Ainda segundo o artigo, no ano de 1992, Coutinho teria utilizado novamente o slogan “defeito de fabricação”, acompanhado de uma foto de um jovem assaltante negro com uma faca na mão e uma tarja nos olhos, para divulgar o programa gratuito de planejamento familiar oferecido pelo CEPARH.
As campanhas provocaram intensa indignação e mobilização realizada pelo Grupo de Mulheres do MNU, que utilizaram o Carnaval de Salvador para denunciar o cientista, considerado pela pelas militantes “o exterminador do futuro”.
No livro Claros e Escuros — identidade, povo e mídia no Brasil, de 1999, Muniz Sodré utiliza as campanhas do CEPARH para demonstrar “os lugares sintomáticos de discriminação, em geral disfarçados, mas às vezes bastante explícitos”, fruto do “imaginário etnocida” da sociedade brasileira.
Na página 235, Sodré descreve: “cartazes publicitários com o título defeito de fabricação acima da imagem de um garoto negro, com correntinhas no pescoço, canivete na mão e uma tarja nos olhos. Abaixo o texto: Tem filho que nasce para ser artista. Tem filho que nasce para ser advogado e vai ser embaixador. Infelizmente, tem filho que já nasce marginal. Outro cartaz mostrava uma mãe negra, grávida, coberta com um lençol branco e a legenda: também se chora de barriga cheia”.
CPMI resultou em lei sobre planejamento familiar
A CPMI da Esterilização resultou no projeto de lei sobre planejamento familiar aprovado pelo Congresso Nacional em 1996 e que estabelece: “É condição para que se realize a esterilização o registro de expressa manifestação da vontade da mulher em documento escrito e firmado após a informação dos riscos da cirurgia”.
No comunicado sobre o falecimento do médico, a Clínica Elsimar Coutinho (CEC) informa que o pesquisador foi referência na área hormonal, com destaque para o planejamento familiar e a saúde feminina, além de ter sido pioneiro nas suas pesquisas. “Polêmico e inovador, Elsimar Coutinho ganhou notoriedade internacional e usou bem a comunicação para defender e esclarecer os seus pontos de vista científicos com convicção”, diz o comunicado.

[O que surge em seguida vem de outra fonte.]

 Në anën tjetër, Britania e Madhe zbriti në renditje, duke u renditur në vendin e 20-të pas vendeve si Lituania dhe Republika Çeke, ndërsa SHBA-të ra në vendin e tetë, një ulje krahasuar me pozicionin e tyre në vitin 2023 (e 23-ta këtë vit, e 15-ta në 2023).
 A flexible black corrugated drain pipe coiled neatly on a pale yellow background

O Ceparh segue funcionando em Salvador, como uma referência na área de reprodução humana. “Não fazemos nenhum tipo de seleção por raça, cor ou condição social. Atendemos tanto quem tem plano de saúde, como pessoas pobres, de forma gratuita. Realizamos palestras em bairros nobres e na periferia da cidade”, afirma o enfermeiro Fábio Barbosa, coordenador da área de Planejamento Familiar do Ceparh.

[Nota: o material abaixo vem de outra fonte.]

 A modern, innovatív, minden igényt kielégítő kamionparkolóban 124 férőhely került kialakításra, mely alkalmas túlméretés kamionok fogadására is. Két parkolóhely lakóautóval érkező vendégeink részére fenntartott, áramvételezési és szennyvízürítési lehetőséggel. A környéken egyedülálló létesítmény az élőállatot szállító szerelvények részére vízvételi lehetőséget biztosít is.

Ele informa que não acompanhou os anos iniciais das pesquisas de Elsimar Coutinho, mas esteve ao lado do médico nos últimos anos e defende: “Era uma prioridade dele apresentar todas as opções de tratamento para que as próprias mulheres escolhessem. Mantemos este procedimento que envolve palestras, conversas com assistente social, consultas médicas e acompanhamento psicológico para confirmar a decisão da paciente”. O enfermeiro diz ainda que a prioridade são os métodos menos invasivos: “Dos 500 atendimentos mensais apenas 40 são laqueaduras e 120 vasectomias. Os outros são colocação de DIU, pílulas e muitas orientações”.
Para Emanuelle Goés, o patriarcado incide sobre os corpos das mulheres e sobre a autonomia reprodutiva, tanto no aborto quanto na esterilização.
“E para as mulheres negras, a interseção com o racismo torna mais distante o direito de decidir, porque os direitos reprodutivos estão sob a égide dos sistemas de opressões, com isso o exercício pleno, a autonomia, a tomada de decisão tornam-se impossíveis. Por isso também, ampliamos o olhar sobre os direitos reprodutivos, quando falamos que o que precisamos é de justiça reprodutiva”.
Mesmo com todas as denúncias latentes e incansável militância das mulheres e homens negros, a necropolítica continua, em nome de Deus, da ciência ou da superioridade racial, em pandemia ou fora dela, a autorizar que corpos negros sejam constituídos como ‘inimigos do Estado’, legitimando a licença institucional para matar.